Rental Advisory: A Redbox Etiquette Primer

Where indecision and impatience intersect.

It happened again.

It always happens this way: I’ve got somewhere to go, but I need to drop off a movie at the Redbox across the street. It’ll only take a minute, I tell myself, but of course, it never goes that way. It’s always a good 10-minute wait, because I get stuck behind the dopey couple that can’t decide what to rent. They’ll peek over their shoulders every few moments, and I’ll try to keep my patience, but it seems like a long wait just to drop off a movie.

If you’ve rented a flick from a Redbox, you’ve been through this experience, too.

You’ve also probably used the noun Redbox as a verb, as in, “Yeah, we’re going to stay in and Rebox it tonight.” Movie rental stores are shutting down across the country as vending machines and subscription services like Redbox and Netflix, respectively, become more popular. It’s important we understand what this change means to our culture and how it affects us. It’s also high time we develop some language to better define just what the hell is taking place now days when you go to rent a movie.

I’m all about instant gratification, so I don’t subscribe to Netflix. That’s some other blogger’s cross to bear. I want to focus on the Redbox experience and what I’d like to call “Redbox rage.” (Copyright that — it’s going to catch on.)

Redbox rage occurs any time there is more than one person at Redbox machine whereby an individual will feel extreme impatience and the discomfort of being rushed in consecutive order. It starts when you saunter over to the Redbox, but someone’s already at the machine, scrolling through every movie available, reading synopses, comparing movie lengths, deeply questioning their desire to see another movie featuring Jennifer Aniston or Seth Rogen.
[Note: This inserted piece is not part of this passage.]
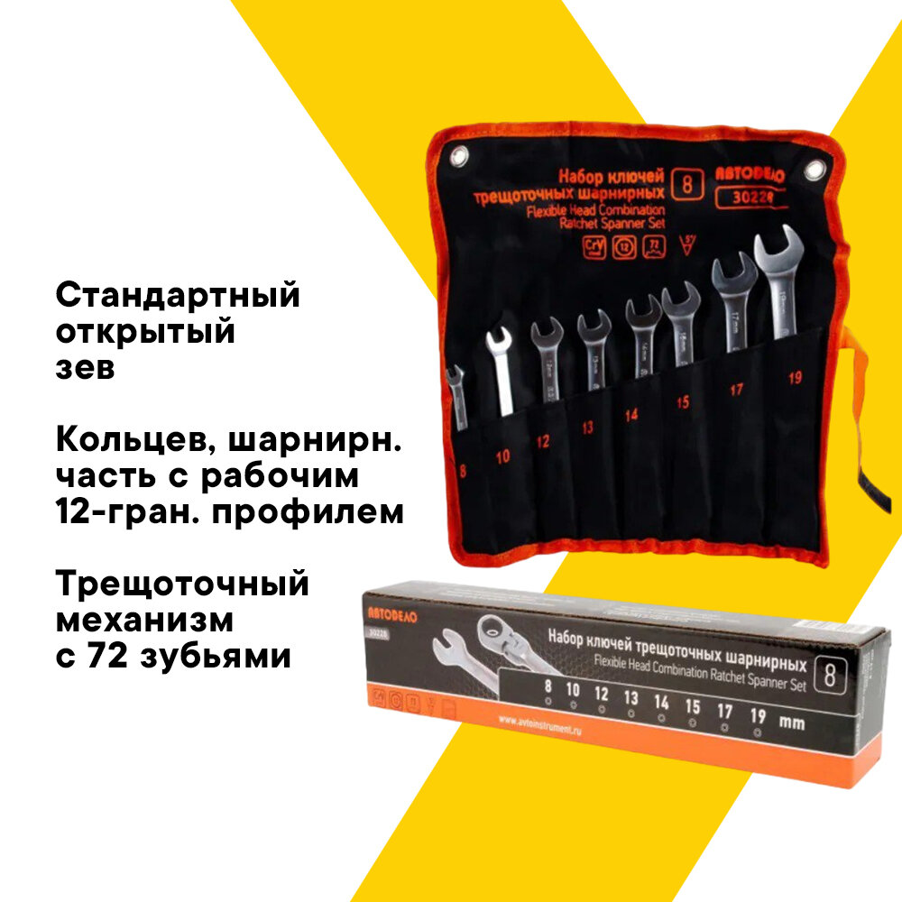 Набор ключей рожково-накидных 8 шт Автодело (трещоточные, шарнирные, 8 предметов, 8-19 мм) тетроновая сумка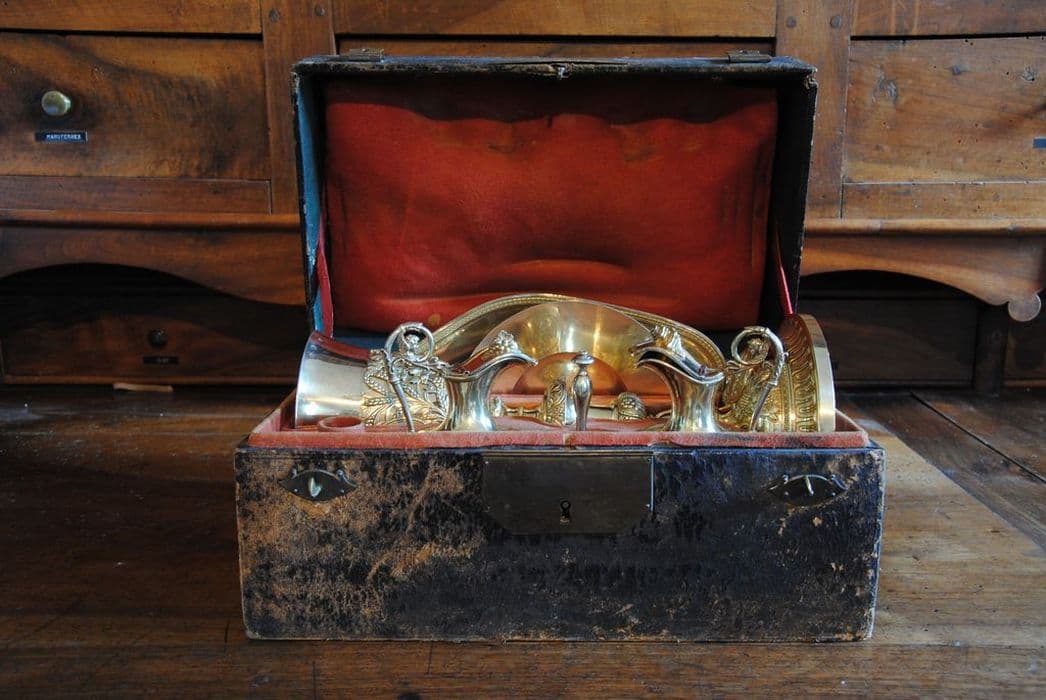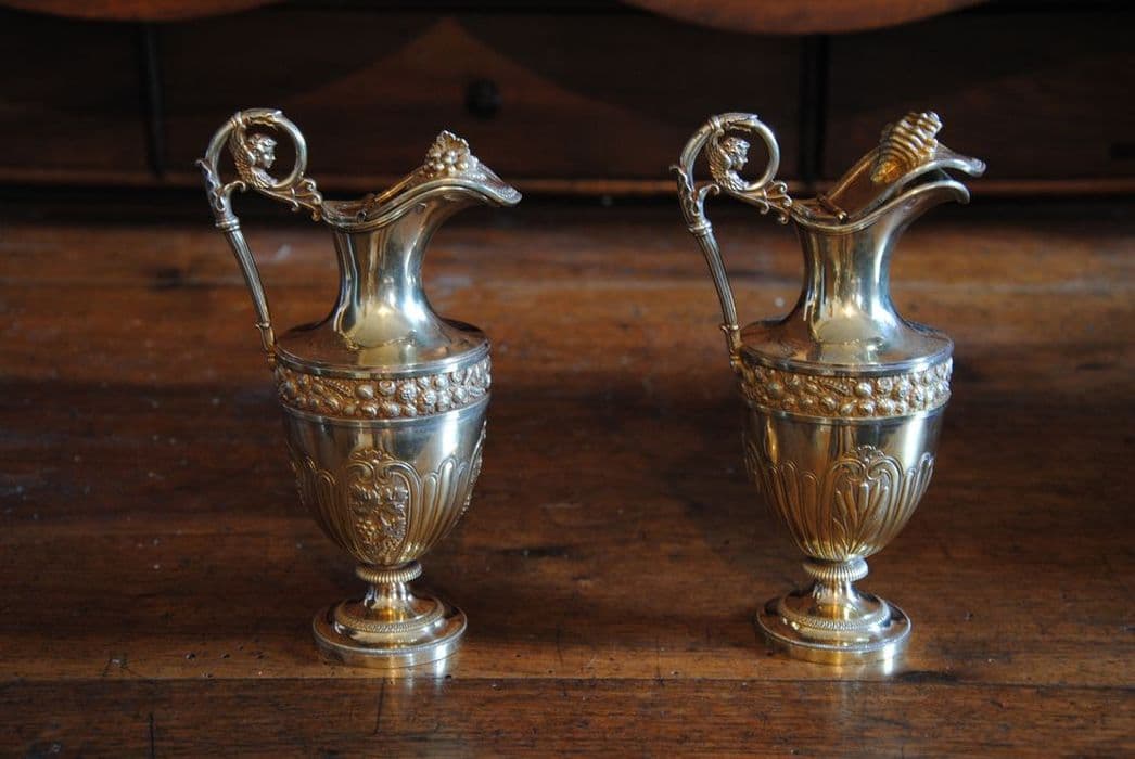 calice, patène, burettes, plateau à burettes, sonnette d'autel

They might be with a significant other, which springs the possibility they’ll discuss what each has seen, what they would like to see, why one is stupid for wanting see something, why the other is more stupid for not remembering having seen it in the theaters on a date, and the ordeal is finally settled 23 minutes later when they select the one movie you were hoping to see, which just so happens to be the only copy that was available in the machine.

Then, it’s your turn.

Your judgment and grasp of alphabetical order are clouded by your outrage at how anyone could take so long to be pick out a movie, as if it were a health insurance plan. Second later, you feel someone behind you as your paging through the options. They’re sighing. They’re shifting their weight from foot to foot, arms crossed as they bite their lips. Suddenly, you don’t recall ever seeing a movie your entire life and you have no idea what you would like to see. The person behind you, they’ve got their Blackberry out now, and they’re texting frantically, possibly ordering an abduction or assassination to shorten their wait. You remember the one movie you wanted to see, and it’s checked out. Nothing else looks good. You dash away from the machine apologetically, sweating, completely flabbergasted.

And that’s Redbox rage. You’re the protagonist and then the antagonist. You’re the thrown punch, but then the resulting broken wrist. It’s a miserable experience that, at best, results in a movie you wanted to see. But more times than not, it’s a choice that felt rushed and was ultimately regretted.

This never happened at traditional movie stores. There, the only worry you had was returning movies on time to avoid foreclosure-threatening lates fees and having to banter with the cashiers who, more times than not, were elitist movie snobs with their endless Indie cred. Otherwise, you could spend all your sweet time browsing up and down the aisles, stumbling upon the movies you’d forgotten you wanted to see or movies you never knew existed. It was a more peaceful process that bucked the idea consumerism need be so streamlined. We’ll fondly remember the era of movie rental stores as simpler times.

We know Redbox isn’t going anywhere. I propose the following rules to lighten the experience and erode feelings of homicidal rage. Here is what I suggest be accepted as Redbox etiquette:

  1. If you’re selecting a movie and someone is behind you, check to see if they only intend on returning a movie. If yes, allow them to do so. If no, thank them for their patience but be mindful they’re waiting.
  2. If you’re in line to select a movie, use the time to consider what you would like to rent and what you might rent if your first option is unavailable. Allow the party ahead of you time and space to make a decision without feeling rushed. Remember, you’ll be in their shoes soon.
  3. If it’s a make-or-break trip to the Redbox, and you need assurance the movie you want is a) there and b) waiting for you, visit the Redbox Web site prior to your visit and reserve it.
  4. If any of these rules seem impossible or even difficult to follow, subscribe to Netflix.

I’m interested in your thoughts. Anyone have any nightmarish Redbox experiences? Amendments to my Redbox etiquette proposal?